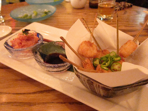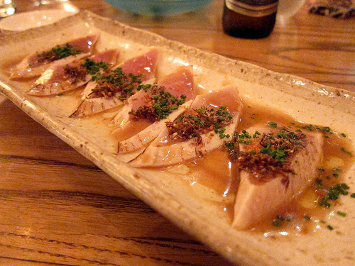 Both Ali and AK told our server I would be doing the ordering. I felt a bit rushed and let him badger me into ordering for us. I didn’t want to take too long with the extensive menu but the things he ordered for us wouldn’t have been anything I really would have ordered as I feel these dishes are found at many Japanese restaurants. I wanted something unique, something like that uni tempura which I inisted we wanted. We began with the yellowtail with chiles which was good, not at all spicy. I have had similar versions around town and this was very saucy.
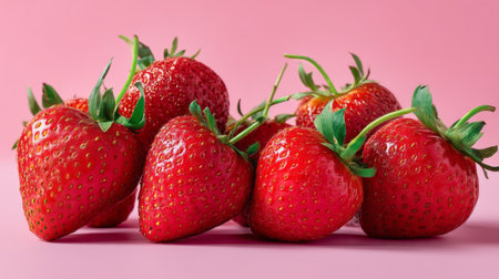 A collection of fresh and ripe strawberries set against a soft pink background, creating a vibrant and appetizing scene perfect for food photography and presentations.
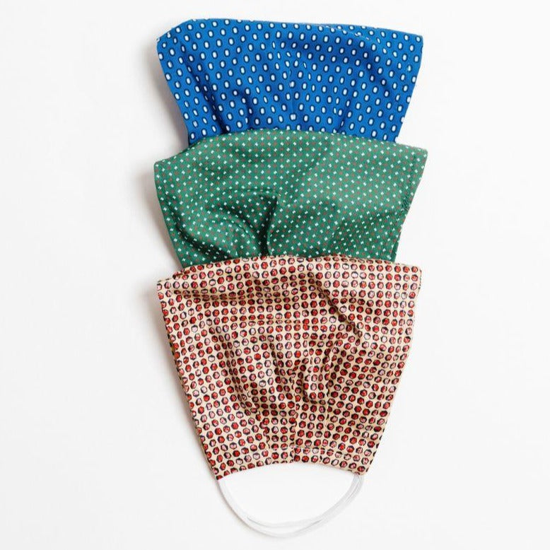 This collection includes three separate masks. Each mask is washable, reusable, 100% cotton masks are made of double-layered cotton with fine, detailed stitching. Elastic straps to secure behind your ears. These masks are the perfect item to keep in your car for the whole family to use during cold and flu season, cleaning dusty rooms, or airplane travel.
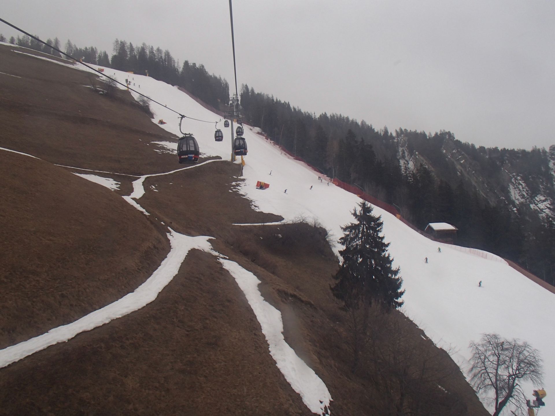 Fairerweise muss man sagen, dass diese Konzentration von Aufstiegsanlagen zu einer Art Ameisenhaufen im oberen Bereich führt. Man ist gut beraten hier oben sehr vorsichtig und umsichtig zu fahren, da hier zwar langsam, aber wild durcheinander gefahren wird. Zu allen Seiten des Bergs hin gibt es interessante Abfahrten, die wir an diesem Tag nicht annähernd komplett fahren konnten. Der Himmel war bedeckt, aber die Sicht war ganz gut. Unser erstes Zwischenziel war die weit entfernte Piculin Abfahrt. Dazu mussten wir uns erst mal mit Hilfe von 4 Abfahrten vom Norden bis in den Süden arbeiten. Bei St. Vigil in Enneberg überquerten wir die Straße und legten, auch wegen des einsetzten leichten Schneefalls, eine Pause in der Ütia Ala Cir Hütte ein. Man ist hier nicht besonders hoch, aber in Richtungen bergab wird es richtig steil mit über 55%. Da sich die Piculin zudem noch verreist und als schräger Hang präsentierte, konnte man hier einige Stürze beobachten. Das Foto links zeigt den schwierigsten Bereich vom Lift aus gesehen.

━━━

• [EXERCISE BRIEF]
Omit the pictures, then set down all the remaining data exactly as given.

• [ANSWER SECTION]
 Both Ali and AK told our server I would be doing the ordering. I felt a bit rushed and let him badger me into ordering for us. I didn’t want to take too long with the extensive menu but the things he ordered for us wouldn’t have been anything I really would have ordered as I feel these dishes are found at many Japanese restaurants. I wanted something unique, something like that uni tempura which I inisted we wanted. We began with the yellowtail with chiles which was good, not at all spicy. I have had similar versions around town and this was very saucy.
 A collection of fresh and ripe strawberries set against a soft pink background, creating a vibrant and appetizing scene perfect for food photography and presentations.
 This collection includes three separate masks. Each mask is washable, reusable, 100% cotton masks are made of double-layered cotton with fine, detailed stitching. Elastic straps to secure behind your ears. These masks are the perfect item to keep in your car for the whole family to use during cold and flu season, cleaning dusty rooms, or airplane travel.
 Fairerweise muss man sagen, dass diese Konzentration von Aufstiegsanlagen zu einer Art Ameisenhaufen im oberen Bereich führt. Man ist gut beraten hier oben sehr vorsichtig und umsichtig zu fahren, da hier zwar langsam, aber wild durcheinander gefahren wird. Zu allen Seiten des Bergs hin gibt es interessante Abfahrten, die wir an diesem Tag nicht annähernd komplett fahren konnten. Der Himmel war bedeckt, aber die Sicht war ganz gut. Unser erstes Zwischenziel war die weit entfernte Piculin Abfahrt. Dazu mussten wir uns erst mal mit Hilfe von 4 Abfahrten vom Norden bis in den Süden arbeiten. Bei St. Vigil in Enneberg überquerten wir die Straße und legten, auch wegen des einsetzten leichten Schneefalls, eine Pause in der Ütia Ala Cir Hütte ein. Man ist hier nicht besonders hoch, aber in Richtungen bergab wird es richtig steil mit über 55%. Da sich die Piculin zudem noch verreist und als schräger Hang präsentierte, konnte man hier einige Stürze beobachten. Das Foto links zeigt den schwierigsten Bereich vom Lift aus gesehen.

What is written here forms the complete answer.